- _What the exercise asks_
Leave out the pictures and retype, exactly, the lines below from the line with "Metal Slide Graphic" up to and including the line with "Handle: Thick slabs", nothing more.

- _Records for this task_
○ ○ ○ ○
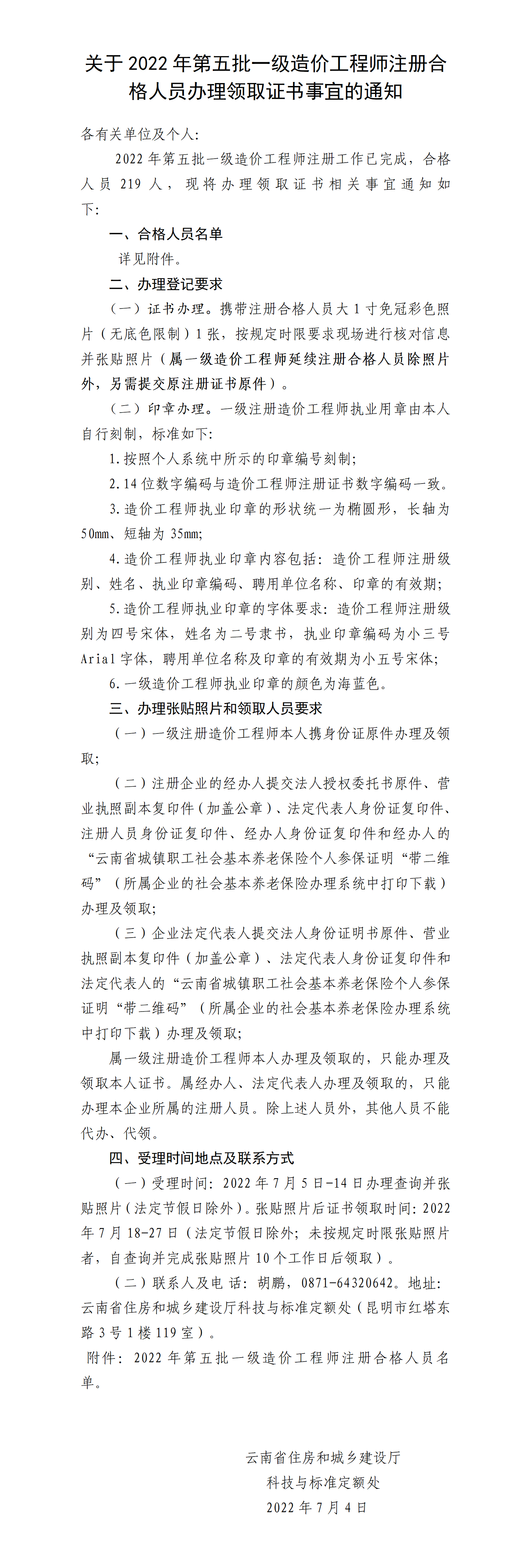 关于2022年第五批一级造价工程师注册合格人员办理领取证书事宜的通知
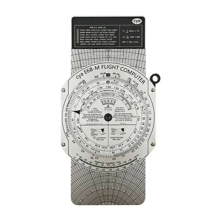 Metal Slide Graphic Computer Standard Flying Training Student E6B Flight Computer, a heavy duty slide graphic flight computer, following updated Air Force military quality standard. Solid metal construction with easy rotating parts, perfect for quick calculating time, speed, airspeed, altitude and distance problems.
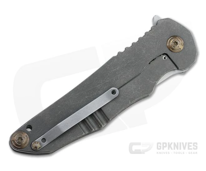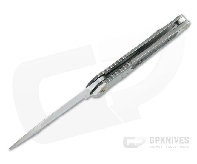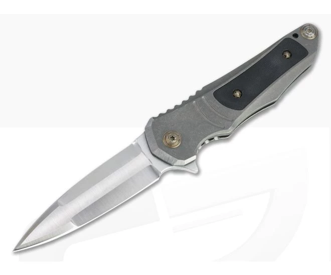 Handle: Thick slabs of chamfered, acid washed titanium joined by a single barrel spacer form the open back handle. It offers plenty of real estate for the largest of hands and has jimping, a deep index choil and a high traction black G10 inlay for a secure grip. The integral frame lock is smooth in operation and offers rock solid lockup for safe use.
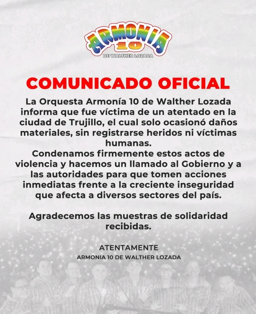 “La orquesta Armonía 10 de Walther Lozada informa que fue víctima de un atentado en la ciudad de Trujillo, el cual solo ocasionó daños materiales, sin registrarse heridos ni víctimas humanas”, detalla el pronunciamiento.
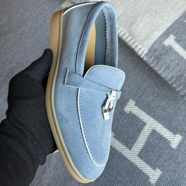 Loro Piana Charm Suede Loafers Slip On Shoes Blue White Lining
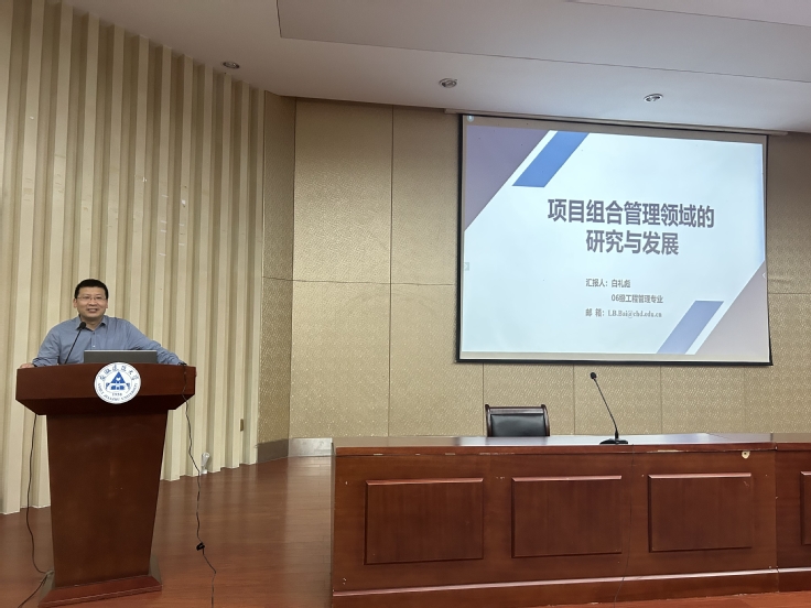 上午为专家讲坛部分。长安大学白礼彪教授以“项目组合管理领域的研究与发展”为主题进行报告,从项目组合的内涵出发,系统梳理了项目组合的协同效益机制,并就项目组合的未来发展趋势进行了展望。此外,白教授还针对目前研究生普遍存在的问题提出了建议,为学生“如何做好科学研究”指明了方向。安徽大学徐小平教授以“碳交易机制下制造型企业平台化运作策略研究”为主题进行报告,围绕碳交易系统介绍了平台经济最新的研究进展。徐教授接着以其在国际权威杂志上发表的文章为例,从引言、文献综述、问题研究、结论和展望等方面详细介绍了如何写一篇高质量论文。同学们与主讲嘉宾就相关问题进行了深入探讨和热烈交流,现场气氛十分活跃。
○ ○ ○ ○
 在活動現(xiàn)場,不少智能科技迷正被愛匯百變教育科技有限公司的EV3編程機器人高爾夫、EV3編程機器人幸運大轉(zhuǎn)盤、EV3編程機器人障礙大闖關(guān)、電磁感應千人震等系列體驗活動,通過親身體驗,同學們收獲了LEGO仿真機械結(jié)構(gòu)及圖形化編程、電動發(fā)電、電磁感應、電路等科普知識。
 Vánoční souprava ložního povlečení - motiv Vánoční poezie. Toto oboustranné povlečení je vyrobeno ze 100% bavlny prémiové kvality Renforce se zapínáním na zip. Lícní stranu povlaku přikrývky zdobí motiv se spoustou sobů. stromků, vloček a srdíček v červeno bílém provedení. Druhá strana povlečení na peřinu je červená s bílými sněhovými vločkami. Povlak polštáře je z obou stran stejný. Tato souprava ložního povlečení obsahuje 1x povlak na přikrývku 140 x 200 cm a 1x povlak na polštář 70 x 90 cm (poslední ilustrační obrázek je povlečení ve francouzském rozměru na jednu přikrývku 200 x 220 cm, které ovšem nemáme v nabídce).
○ ○ ○ ○
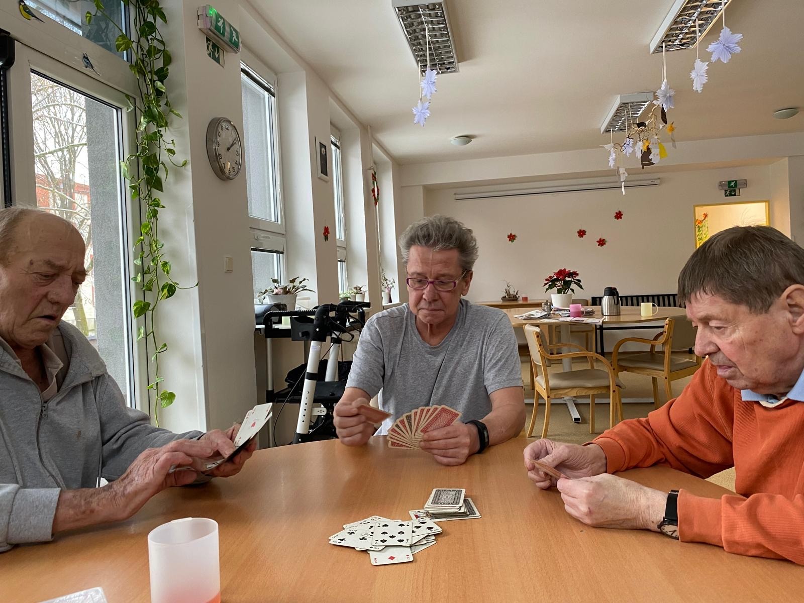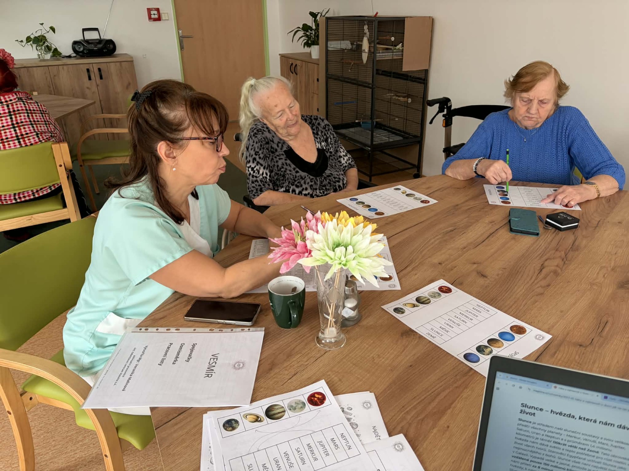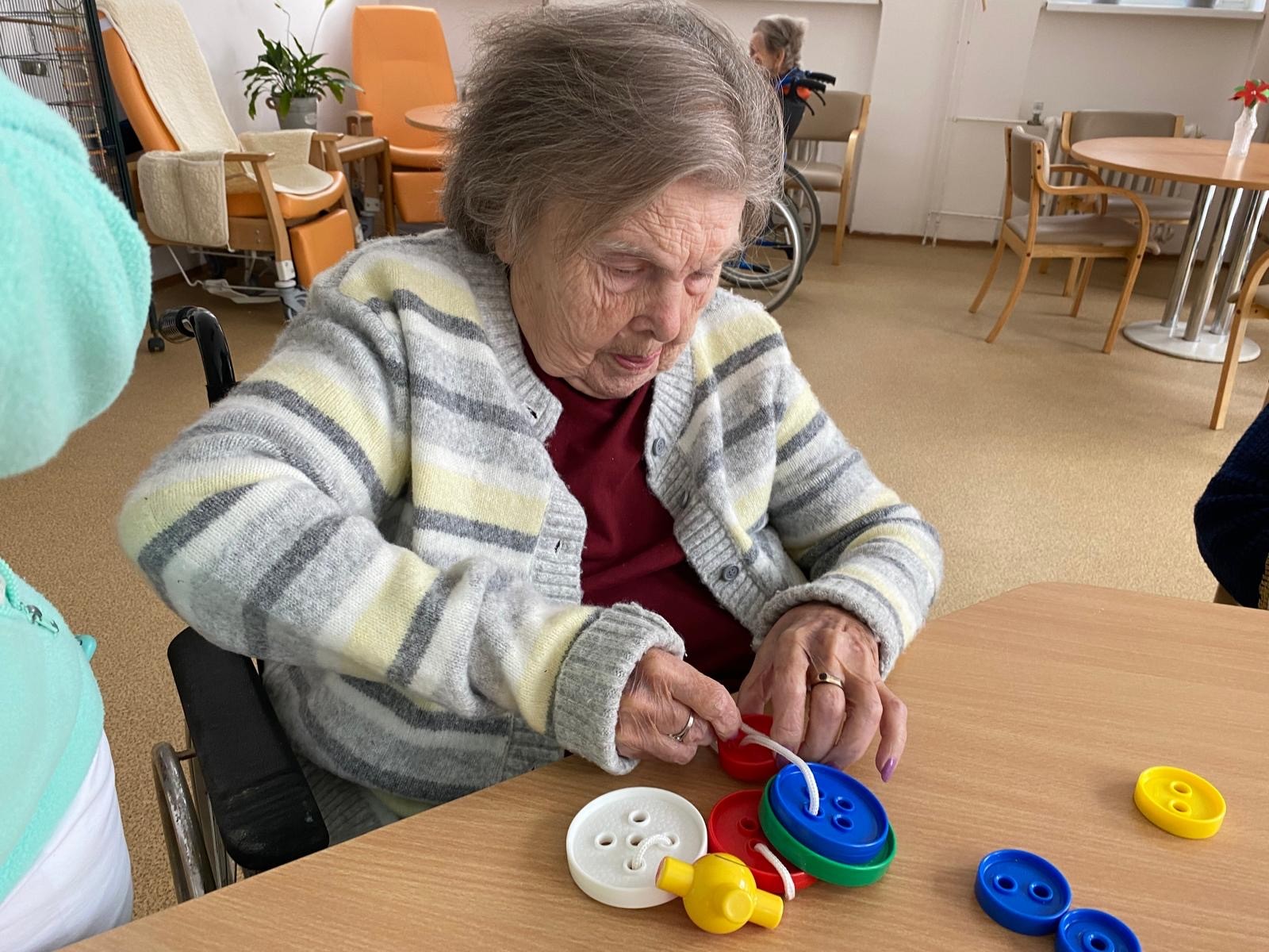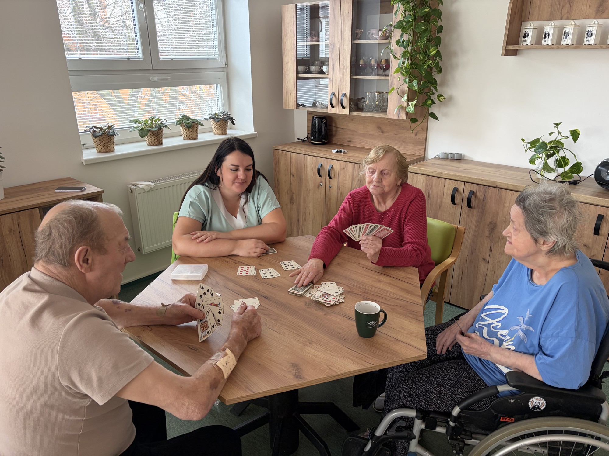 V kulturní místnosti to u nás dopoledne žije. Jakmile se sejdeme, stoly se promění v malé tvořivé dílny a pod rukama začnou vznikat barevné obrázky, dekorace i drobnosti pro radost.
○ ○ ○ ○
- _Response box_
 Metal Slide Graphic Computer Standard Flying Training Student E6B Flight Computer, a heavy duty slide graphic flight computer, following updated Air Force military quality standard. Solid metal construction with easy rotating parts, perfect for quick calculating time, speed, airspeed, altitude and distance problems.
 Handle: Thick slabs of chamfered, acid washed titanium joined by a single barrel spacer form the open back handle. It offers plenty of real estate for the largest of hands and has jimping, a deep index choil and a high traction black G10 inlay for a secure grip. The integral frame lock is smooth in operation and offers rock solid lockup for safe use.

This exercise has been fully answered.